Hotel Esplendido, Mallorca
Hotel room views
Hotel spa
Hotel spa

As for hotel facilities – exceptional, once again. The indoor spa was moody and luxurious, complete with sauna, steam room and delightful waterbeds. Upstairs, a wet weather lounge offered books, cozy seating, and even a vintage record player. But the true highlight? Two pools, including an adults-only one, set into multi-tiered gardens carved into the cliff behind the hotel. The intricate and immaculate design of these gardens truly blew my mind.

Adult's pool
Adult’s pool
Hotel gardens
Hotel gardens
Pool views
Pool views

You can explore more of Hotel Espléndido on their website or get a feel for the mood and views over on Instagram.

Port de Sóller and Western Mallorca

Small

We spent our last four days in Port de Sóller, a peaceful harbour town on Mallorca’s west coast. Each morning, I’d head out for a walk while my husband slept in. The quiet streets, fresh air, and even a few storms added to the sunrise charm. After breakfast, we’d enjoy croissants and coffee in town or in nearby Sóller, which had a wonderfully authentic, non-touristy feel. One morning, I even took the adorable tram into Sóller and walked back through its safe, winding streets – an active, yet relaxing one-hour “stroll”.

Sa Calobra, Mallorca
Sa Calobra
Sóller, Mallorca
Sóller cathedral

For our day trips, we took on the iconic Sa Calobra road. I didn’t pack any motorcycle gear, so I was nervous riding in just shorts. However, because the road was packed with cyclists, motorcyclists and even buses, the pace was relaxed and respectful. When we reached Sa Calobra, we discovered the online reviews were true. It really was cat city, with cats lounging everywhere, including on restaurant tables! Luckily, we’re cat lovers, so we found it hilarious.

El Sabor, Mallorca
El Sabor
Cats, Mallorca
Restaurant staff

As for restaurants, in Port de Sóller we ended up eating at the same place every night. El Sabor had the most exceptional bacon-wrapped dates we’ve had in our lives. I would recommend this sweet, yet salty perfection to everyone!

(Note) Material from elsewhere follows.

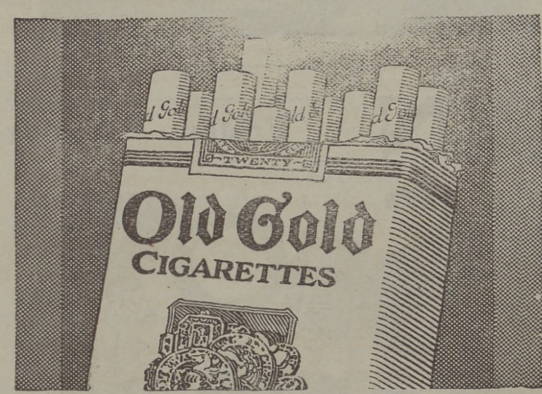
Made from the heart-leaves of the tobacco blant

Parting was bittersweet, but the route back to Palma gave us a few final gems. Deià had several beautiful boutiques, and Valldemossa was the epitome of a romantic mountaintop village. It was the perfect end to an unforgettable trip.

Final Thoughts

Looking back, it’s hard to believe how much we experienced in just two weeks on Mallorca. It was a sun-drenched island that surprised and enchanted us at every turn. From the elegant calm of Cala Major and the vibrant charm of Palma, to the crystal coves of Cala d’Or and the dramatic beauty of Port de Sóller, each stop had its own rhythm. Mornings were for exploring by motorbike, afternoons by the sea, and unforgettable meals by night. Mallorca gave us more than postcard views—it offered warmth, flavour, and a slower way of life that made us want to stay. Would we go back? Absolutely. Mallorca felt like a love letter to summer and the joy of finding somewhere that quietly feels like home.